The mobility issue Kevin brings up might be something to think about. I stand by my recommendation of including isolating upper back work in Seth's, or just about anyone's, programming. Even if it is NOT weakness we're working with here, if Seth's body isn't used to intentionally firing muscles in the thoracic area or higher, recruitment during squatting is, in my opinion, less likely to happen.

I have a theory regarding this issue, and it is nothing more than a theory, based on my own experience. I can tell you that one of the only areas of my body I actually managed to strengthen in the years I was performing incredibly stupid lifting programming prior to coming into powerlifting was my upper back and trap area. The limited knowledge I had in the earlier time period of my lifting experience was apparently sufficient to stimulate both hypertrophy and generate neuromuscular adaptation. I also did a good job of developing the sh*t out of my front delts by lifting with totally incorrect form for at least 50% of my upper body lifting, but that's another topic entirely.

I am convinced that whatever strength I started in this sport with, particularly in the deadlift, can be attributed to the crazy amount of energy I spent working on my back in the weight room for a year or so beforehand. Because the years before THAT were spent emaciated/anorexic-ish. I built my back from zero, and its development has far outpaced the lagging development of my glutes and quads, which I never knew how to fucking train properly.

What's my point, anyway? Targeting my back and developing it was probably one of the greatest sources of what strength I had initially coming into this sport. I would have been weaker without it. Seth's back may be strong, but it could be stronger, and frankly, the amount of work he does that falls into the pushing category is extremely disproportionate to how much he does in the pulling (not deadlifting) category. I don't know about the programming followed by all successful powerlifters, but I have studied and discussed the programming of many. I really can't think of anyone who doesn't take upper back work seriously as both a prehab tool and a supportive strength base for the various lifts.

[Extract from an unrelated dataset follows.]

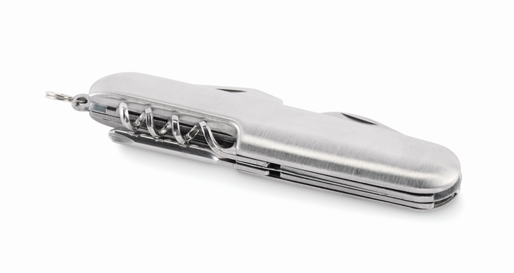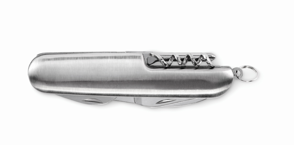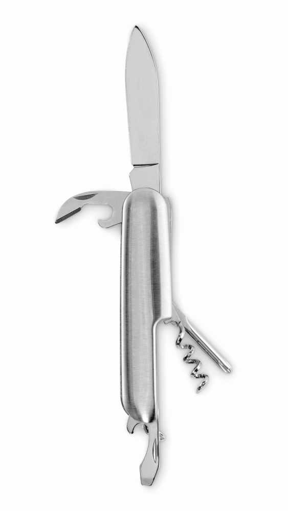 Multifunkční kapesní nůž z recyklovaného hliníku. 5 funkcí: nůž, otvírák na lahve, šroubovák, vývrtka a otvírák na konzervy. Rozměry: 8,5 x 2,5 cm

I will further point out that regularly working the back and isolating it in movement will get one's body used to engaging that area and recruiting it more efficiently. I'm starting to do a lot more glute work because my glutes are basically asleep--this is obvious, in my opinion, in both my lifts and my physique. I've really pushed this focus for the past two-three months and guess what--both my squat technique and my deadlift technique are looking better and my deadlift numbers are fucking shooting up like crazy. There's "strengthening" and there's also "activating"--maybe Seth's body isn't really inclined to activate that shelf he needs to maintain the bar position during squat. Doing exercises for the specific area with mental attentiveness to activation as the exercises are performed can, in my opinion, help fix this problem. Seth, as an aside, I could send you Bret Contreras' ebook. His discussion of glute engagement is in keeping with much of what I'm saying here.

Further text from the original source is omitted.